We now know that because the executive network is dampened when we dream, and part of what the executive network does is calculation, it makes sense to me when you look at how we dream. What we’re seeing is possible or impossible in a dream. So before they get deeper into it, I just want to let you know that math is highly unlikely to happen in our dreams, especially some of the most challenging math problems that are being presented here. On a score of 0 to 10, if 10 is an accurate depiction of dreaming, I’d give this a generous zero.” 

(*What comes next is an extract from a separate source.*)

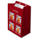 Modern Christmas gift bag for kids, with Rudolph the Reindeer, the greeting "Merry Christmas," and a personalized name. On a Xmas red background.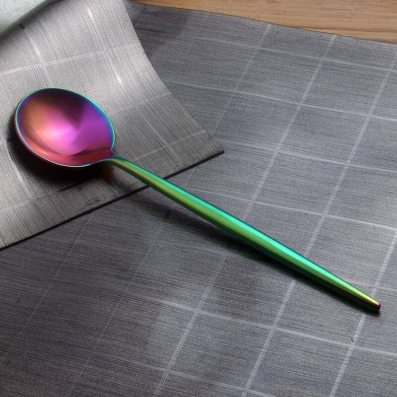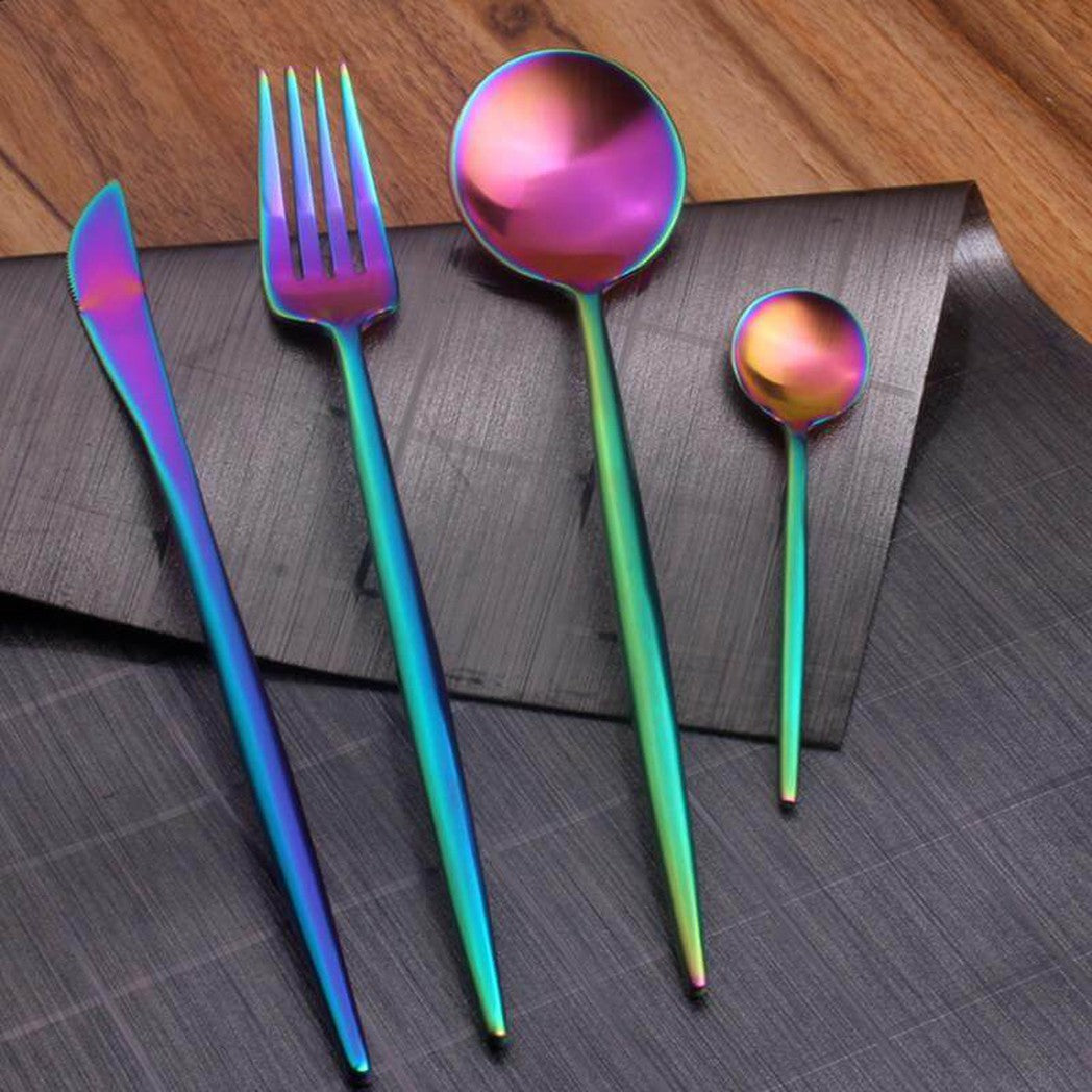 cu un set de tacâmuri în culori curcubeu, vei adăuga ceva plăcut, distractiv și satisfăcător mesei tale.

Among the films Jandial reviewed, he seemed highly impressed with Italian auteur Federico Fellini’s 1960s art film 8 ½. There is a renowned dream sequence in the film, and according to the expert, the famous scene deserves all the acclaim it’s received over the years. Jandial broke down Fellini’s sequence, praising the director for accurately depicting how nightmares work and the feelings they evoke in the dreamer, giving the movie a perfect 10-out-of-10. He said, 

“Immediately, they start off with a feeling of claustrophobia. The subtle use of sound and then the passenger in the car in front looks back with a gaze that makes it hard to discern what the intentions are. … This is a nightmare. Nightmares, when they’re described, there are moments when you feel like you’re getting away, that maybe the worst is behind you. But the nightmare has not finished with him. … He falls to his demise and then is woken up, and that’s the last part of a nightmare, is that it must wake you up . … Nightmares are defined by the fact they wake you up and singe that experience into your waking memory. On a score of 0 to 10, if 10 is an accurate depiction of dreaming, what you’re seeing here is a masterpiece. I give it a 10.”

The legendary 1960s art film is a product of the great vision of filmmaker Fellini. The film is an output of Fellini’s creative block. Yes, you read that right. The filmmaker was suffering from a severe case of creative block after a run of acclaimed films, including the classics Nights of Cabiria, La Strada, and La Dolce Vita.  In a stroke of genius, Fellini decided to make a movie all about the block he was experiencing, and the result was one of his greatest masterpieces, a film that went on to be nominated for five Oscars, winning two. The film stars Marcello Mastroianni as a fictionalized Fellini.